I was reading Tom Asacker’s article, Plaid is the New Black and White. Though I didn’t care for the introduction from Paul Simon, I was impressed with the article overall. At least it led me to read another article he wrote, Clarity: Marketing’s New Task. I found the two articles to be conflicting. In Plaid is the New Black and White, Asacker titles the modern marketplace, “postmodern.” According to this article the marketplace is Pavarotti riding a bike on a tightrope in a death cage match outside of a church on Sunday, all while eating a pita and reading The Cat in the Hat. Maybe I’m wrong, but Clarity: Marketing’s New Task seems to claim the marketplace is changing in that people are calling for uniformity, a clear cut and dry sales pitch. A call to action from the rational brain rather than an emotional response.

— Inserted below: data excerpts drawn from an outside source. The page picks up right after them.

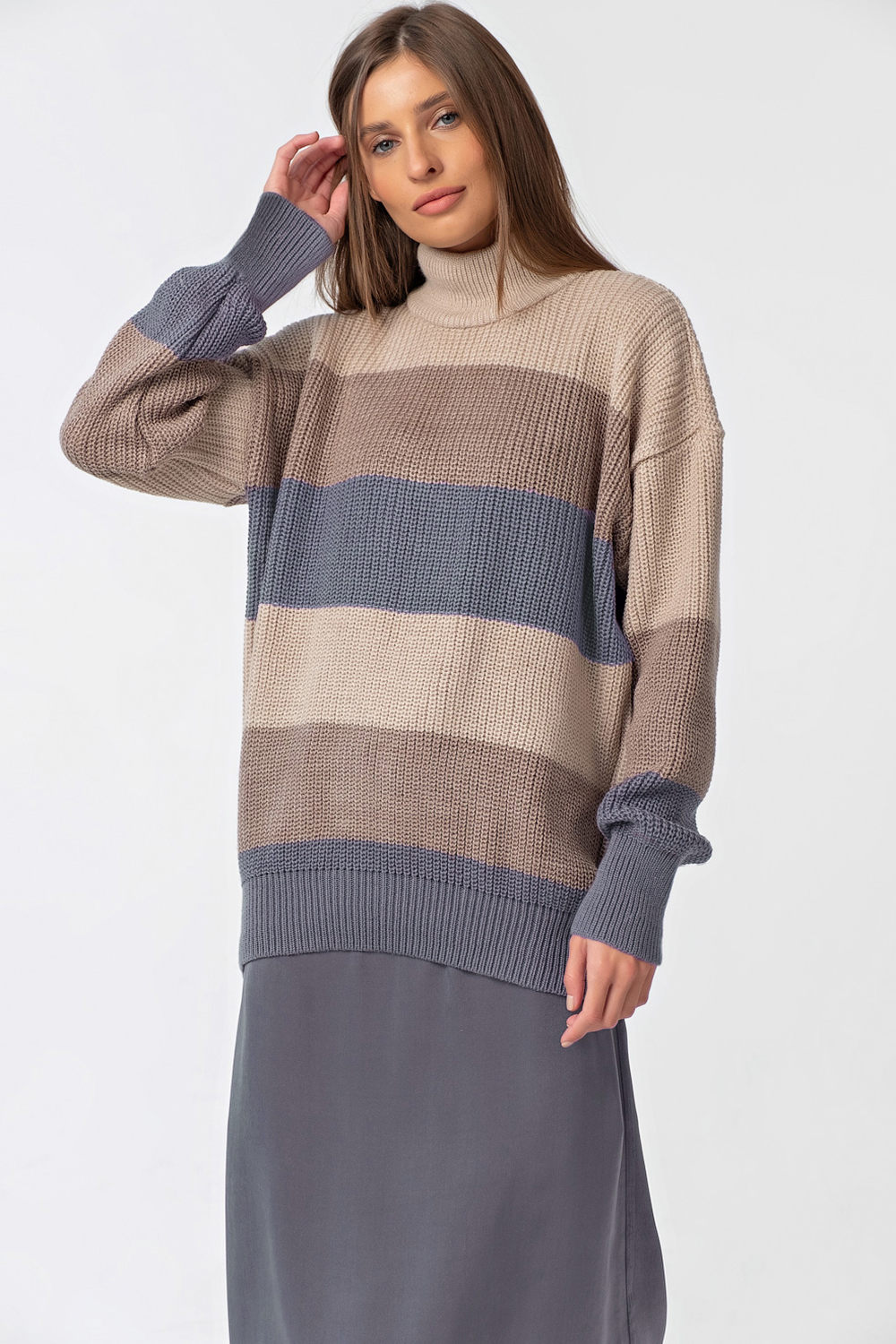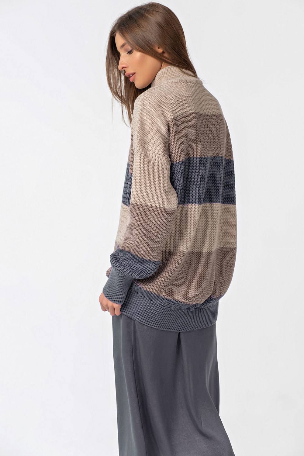 ст. цена1886руб.! Джемпер вязаный оверсайз с высоким горлом в полоску мультиколор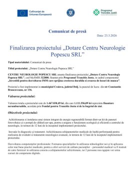 Finalizarea proiectului „Dotare Centru Neurologie Popescu SRL”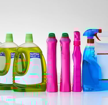 Productos de limpieza especializados: detergentes, desengrasantes, desincrustantes, sanitizantes, suavizantes, aromatizantes e insecticidas.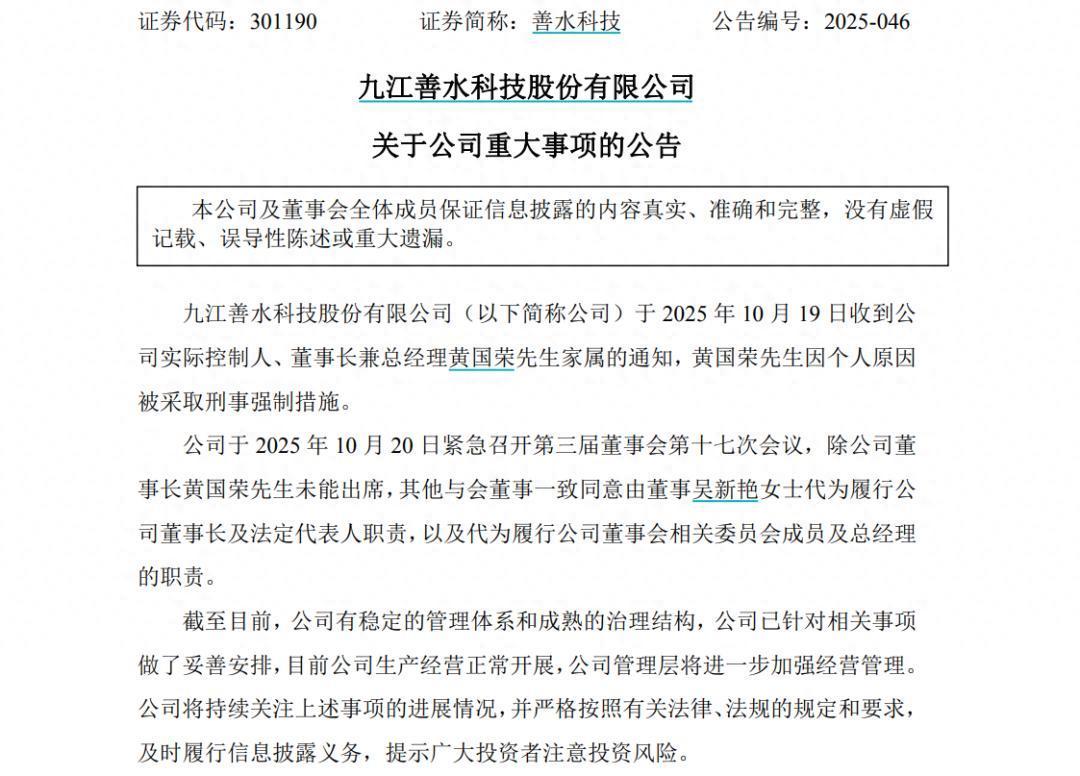 善水科技表示,公司于10月20日紧急召开第三届董事会第十七次会议,除公司董事长黄国荣未能出席,其他与会董事一致同意由董事吴新艳代为履行公司董事长及法定代表人职责,以及代为履行公司董事会相关委员会成员及总经理的职责。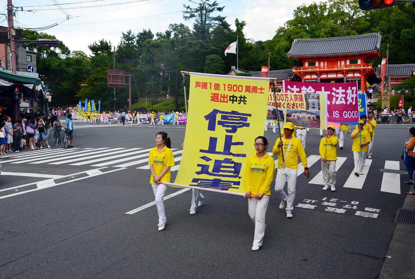 十五日,法轮功学员在京都举行游行。位于京都府京都市东山区的八坂神社,是日本全国约三千座八坂神社之总本社,通称祇园。京都祇园祭是日本最大规模、最著名的盛典,整个祭奠长达一个月之久。法轮功学员是第一次在祇园祭期间举办游行。当游行队伍经过八坂神社时,四面的游人驻足观望。

Then I started questioning my own knowledge of what postmodernism is. So I did some research, basically to check myself. I found I had a pretty good grasp on a definition of postmodernism, if you can truly define it. Here’s what I found on Wikipedia (not to say that this is the most authoritative source, but it serves as a general guide):

Scholars and historians most commonly hold postmodernism to be a movement of ideas contrary to modernism. Modernism places a great deal of importance on ideals such as rationality, objectivity, and progress — as well as other ideas rooted in the Enlightenment, and as positivist and realist movements from the late 19th century. Postmodernism questions whether these ideals can actually exist at all.

Ok, that’s out of the way. I can see how the marketplace could be defined as postmodern in that we live in a media-dominated society greatly relying on the consumers’ emotional response. A large majority of the population in our country is not in need. Let me rephrase this, the individuals who are doing the buying may not be in need of the products they buy. In order to sell in such an environment you will need to appeal to the senses rather than the rationale.

But, I also believe the all mighty dollar is a heavy burden and people want to spend it wisely. They want to know that they are making the right choice. They want to feel that they are being told the honest details, while at the same time being led by their emotions to believe that they actually need the product. Nothing is black and white, plaid serves us well here. But if plaid were post modern, it wouldn’t have a pattern. It would appear to look more like a Jackson Pollock painting.

The state of the market is plaid. It’s a mix of modernist and postmodernist ideas. It has a defining pattern encompassing many colors. The terminology should change to be all inclusive. Maybe pseudo modernist is more appropriate when defining this “plaid” marketplace. Maybe there should be a new term that defines the collective union of the right and left hemispheres of the brain. What would that term be?